Let me first spoil you with the final solution and I’ll explain how $\gamma$ and $k_t$ work in the next section.

Here is the complete BEGAN objective:
$\mathcal{L}_D = \mathcal{L}(x) - k_t . \mathcal{L}(G(z))$

$\mathcal{L}_G = \mathcal{L}(G(z))$

$k_{t+1} = k_t + \lambda * (\gamma.\mathcal{L}(x) - \mathcal{L}(G(z))$

In this formulation:

• $\mathcal{L}_D$ and $\mathcal{L}_G$ are the respective losses for D and G (what they try to minimize).
• $\mathcal{L}_D$ is only used to optimize $\theta_D$ and $\mathcal{L}_G$ is only used to optimize $\theta_G$.
• $\mathcal{L}(x)$ and $\mathcal{L}(G(z))$ are the losses of reconstruction of real and generated images.
• $\gamma$ is the diversity ratio (in $[0,1]$) defined before as: $\gamma = {\mathbb{E}[\mathcal{L}(G(z))]} / {\mathbb{E}[\mathcal{L}(x)]}$.
• $k_t$ is the adaptive term that will allow us to balance the losses automagically.
• $\lambda$ is the proportional gain for $k_t$ (aka the learning rate for $k_t$).

## The equilibrium term

What we aim to do now is to balance the losses however we want. This will help us control the equilibrium between G and D in real time, stabilize the training, get an approximate measure of convergence and adjust the trade-off between image diversity and realism with just one hyperparameter. Magic!

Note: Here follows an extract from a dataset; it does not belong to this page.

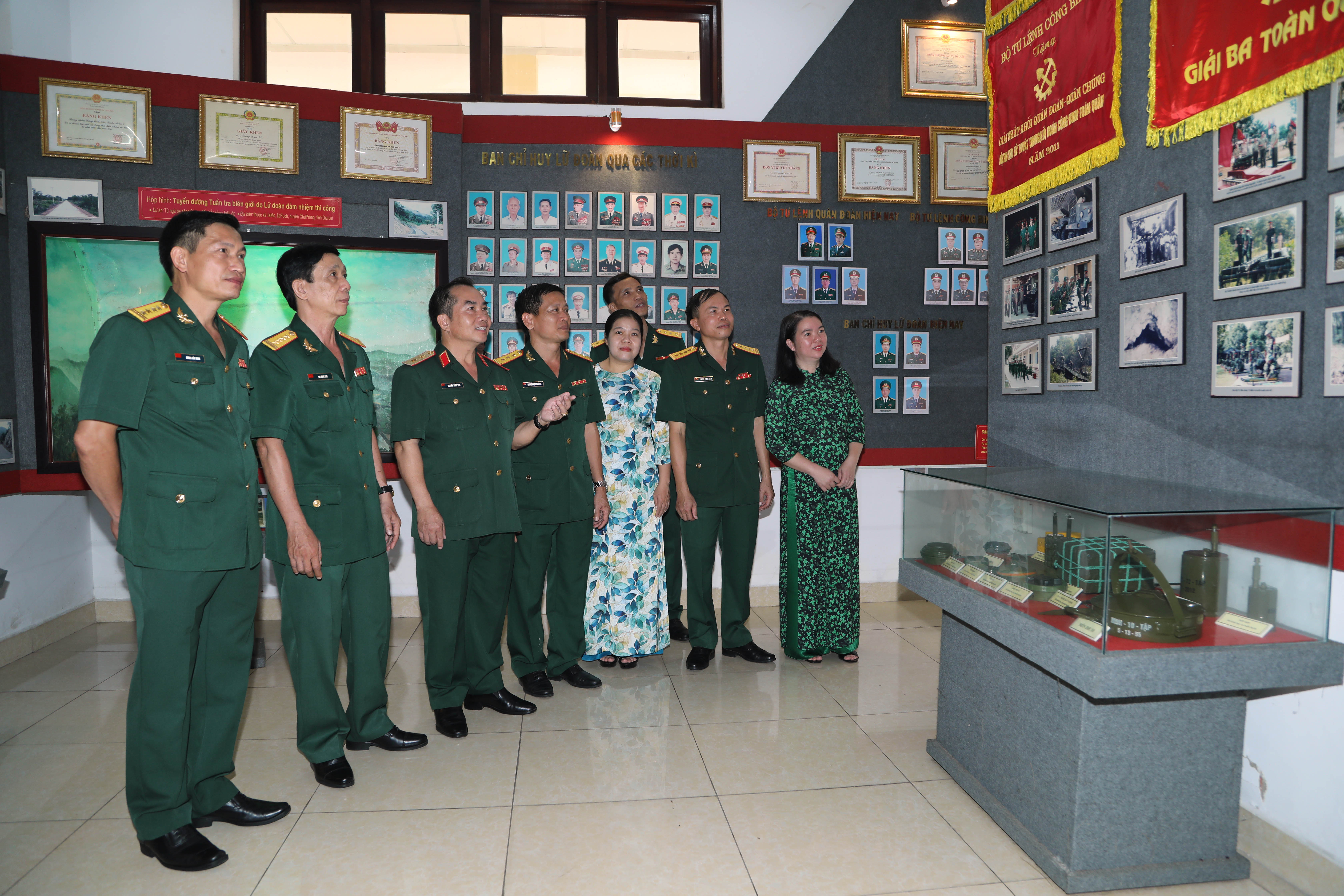 Các đại biểu và cán bộ, chiến sĩ Lữ đoàn 550 tham quan nhà truyền thống đơn vị.

The reconstruction losses are considered to be at equilibrium when:
$\mathbb{E}[\mathcal{L}(x)] = \mathbb{E}[\mathcal{L}(G(z))]$

And the thing is we don’t want this equilibrium to ever be reached because this would mean that D become incapable to distinguish generated samples from real ones. Said differently this would mean G wins. For the training to go smoothly, neither network should win over the other.

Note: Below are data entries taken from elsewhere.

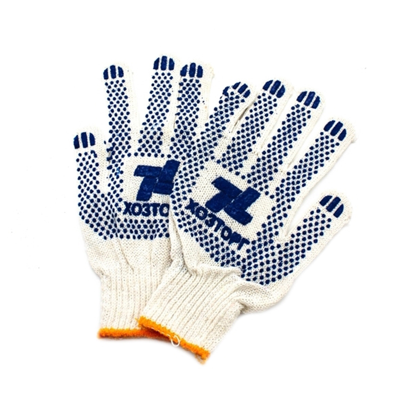 Перчатки ХБ с ПВХ 7,5 класс 4-нитка Белые синяя точка цена за пару (10/500)
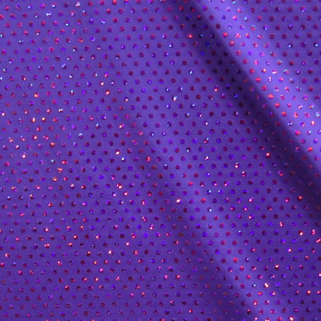 Dots with Holographic Foil Print on Poly Spandex Fabric (Purple/Purple) (2 Way Stretch/Per Yard)
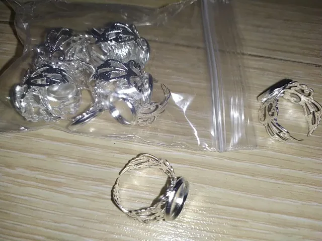 12mm 10pcs Silver Plated Brass Adjustable Ring Settings Blank/Base,Fit 12mm Glass Cabochons,Buttons;Ring Bezels J2-20
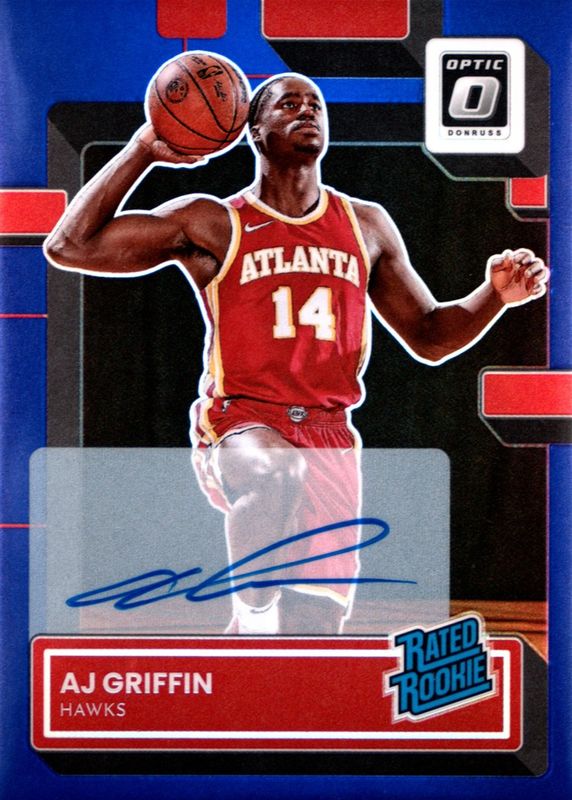 The AJ Griffin 2022 Optic #204 Rated Rookie Signatures - Purple card in Raw condition has not changed in price in the last 30 days and was last sold for $2.00 .
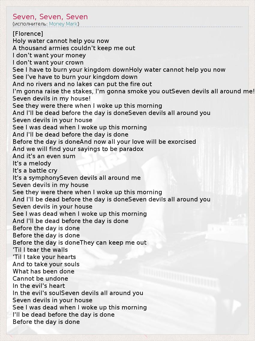 [Florence] Holy water cannot help you now A thousand armies couldn't keep me out I don't want your money I don't want your crown See I have to burn your kingdom downHoly water cannot help you now See I've have to burn your kingdom down And no rivers and no lakes can put the fire out I'm gonna raise the stakes, I'm gonna smoke you outSeven devils all around me! Seven devils in my house! See they were there when I woke up this morning And I'll be dead before the day is doneSeven devils all around you Seven devils in your house See I was dead when I woke up this morning And I'll be dead before the day is done Before the day is doneAnd now all your love will be exorcised And we will find your sayings to be paradox And it's an even sum It's a melody It's a battle cry It's a symphonySeven devils all around me Seven devils in my house See they were there when I woke up this morning And I'll be dead before the day is doneSeven devils all around you Seven devils in your house See I was dead when I woke up this morning And I'll be dead before the day is done Before the day is done Before the day is done Before the day is doneThey can keep me out 'Til I tear the walls 'Til I take your hearts And to take your souls What has been done Cannot be undone In the evil's heart In the evil's soulSeven devils all around you Seven devils in your house See I was dead when I woke up this morning I'll be dead before the day is done Before the day is done
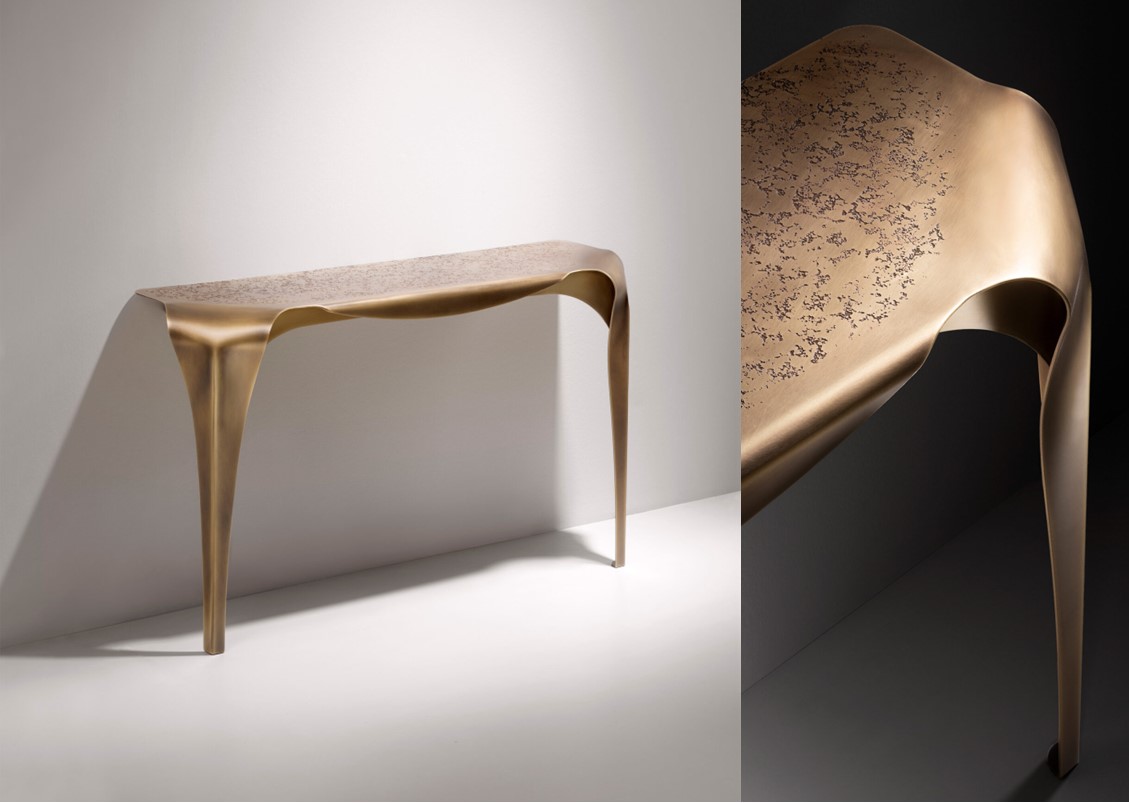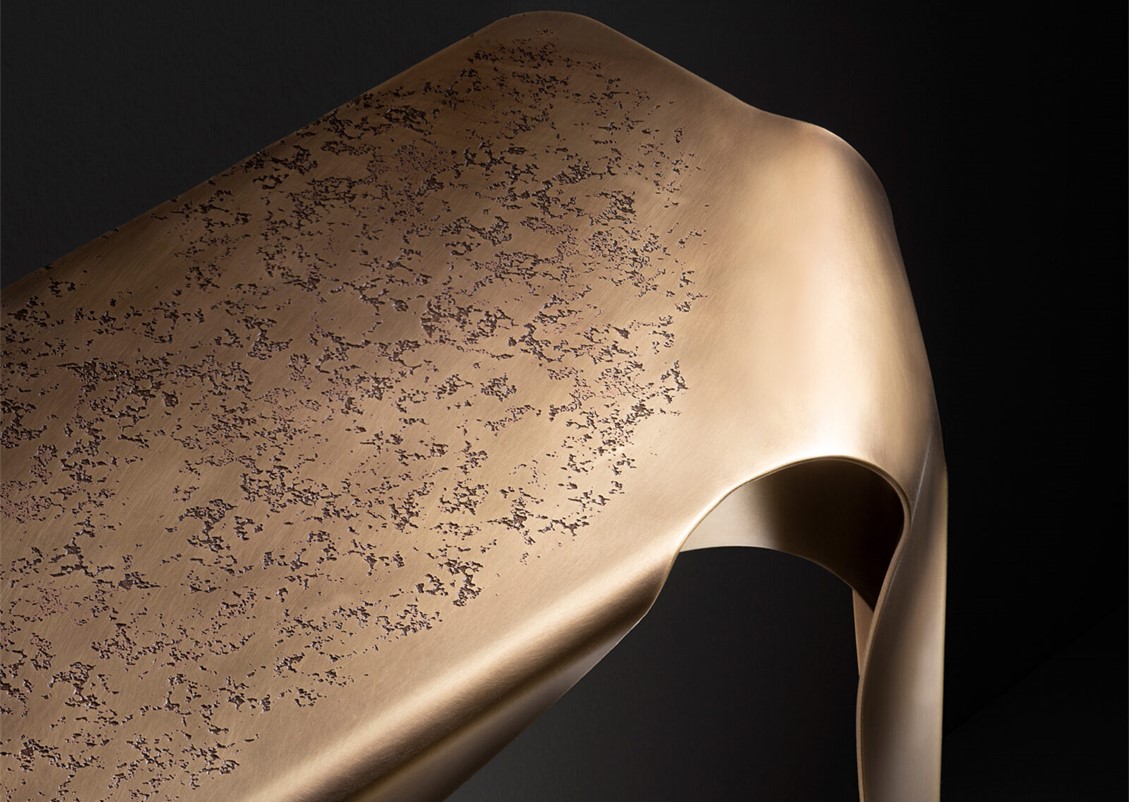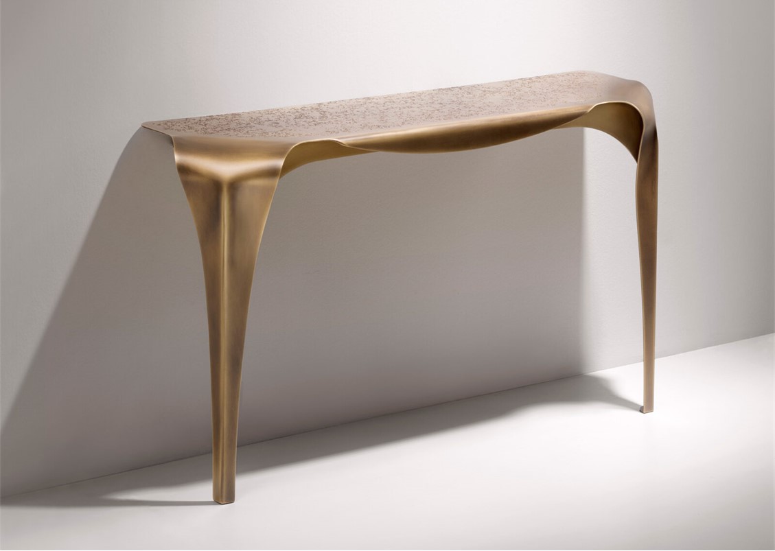Inspired by the table of the same name, the Convivium console leans against the wall with a curvy and graceful attitude. Entirely made of brass, this piece stands out for the DeErosion finishing of the top and the flowing movement of its curved legs.

The strategy is to define a ratio $\gamma$ between the 2 losses.
$\gamma = \frac{\mathbb{E}[\mathcal{L}(G(z))]}{\mathbb{E}[\mathcal{L}(x)]}$

$\gamma$ is called the diversity ratio and it is should be in $[0, 1]$. It is always positive because the reconstruction losses are always positive. And it is below 1 in practice because we are going to make it so (because we want to have $\mathcal{L}(x) > \mathcal{L}(G(z))$)

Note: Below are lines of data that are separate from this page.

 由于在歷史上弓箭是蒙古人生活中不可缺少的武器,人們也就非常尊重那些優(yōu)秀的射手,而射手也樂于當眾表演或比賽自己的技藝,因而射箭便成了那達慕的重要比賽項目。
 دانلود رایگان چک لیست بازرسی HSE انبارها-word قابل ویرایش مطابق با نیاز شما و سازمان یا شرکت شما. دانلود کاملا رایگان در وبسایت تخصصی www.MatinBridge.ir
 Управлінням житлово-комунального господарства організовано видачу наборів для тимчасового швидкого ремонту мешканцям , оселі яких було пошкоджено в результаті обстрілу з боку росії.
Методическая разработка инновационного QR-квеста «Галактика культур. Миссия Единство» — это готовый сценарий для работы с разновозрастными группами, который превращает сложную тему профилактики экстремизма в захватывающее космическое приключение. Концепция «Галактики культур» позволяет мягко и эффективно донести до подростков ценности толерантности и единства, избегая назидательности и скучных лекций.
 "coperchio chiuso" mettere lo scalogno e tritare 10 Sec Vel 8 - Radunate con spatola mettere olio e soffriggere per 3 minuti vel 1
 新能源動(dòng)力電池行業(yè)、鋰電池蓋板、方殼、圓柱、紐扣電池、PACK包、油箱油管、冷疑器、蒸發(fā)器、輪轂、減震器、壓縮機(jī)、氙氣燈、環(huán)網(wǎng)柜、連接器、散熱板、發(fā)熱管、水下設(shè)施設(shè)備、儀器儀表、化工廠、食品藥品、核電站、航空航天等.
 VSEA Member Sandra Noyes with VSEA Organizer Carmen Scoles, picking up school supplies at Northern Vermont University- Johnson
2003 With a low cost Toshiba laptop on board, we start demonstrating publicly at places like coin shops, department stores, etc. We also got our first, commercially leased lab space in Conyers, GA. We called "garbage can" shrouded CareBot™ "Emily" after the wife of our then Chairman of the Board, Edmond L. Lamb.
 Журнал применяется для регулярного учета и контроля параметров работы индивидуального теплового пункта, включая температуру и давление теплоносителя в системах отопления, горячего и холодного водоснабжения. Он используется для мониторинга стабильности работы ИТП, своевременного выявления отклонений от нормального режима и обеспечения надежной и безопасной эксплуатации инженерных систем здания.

We will make sure this ratio is maintained during the training in the next section, but first I would like to give you an intuition of the importance of $\gamma$.

D has 2 competing goals: auto-encode real images and discriminate real from generated images. $\gamma$ helps us balance these goals:

• Lower values of $\gamma$ lead to $\mathbb{E}[\mathcal{L}(x)] \gg \mathbb{E}[\mathcal{L}(G(z))]$, which means D focuses more on its auto-encoding task, which means G has an incentive to produce more realistic images, which may be at the cost of image diversity.
• Higher values of $\gamma$ lead to $\mathbb{E}[\mathcal{L}(x)] = \mathbb{E}[\mathcal{L}(G(z))]$, which means D focuses more on its discrimination task, which means G has an incentive to produce more diverse images (as diverse as the dataset), which may be at the cost of image quality.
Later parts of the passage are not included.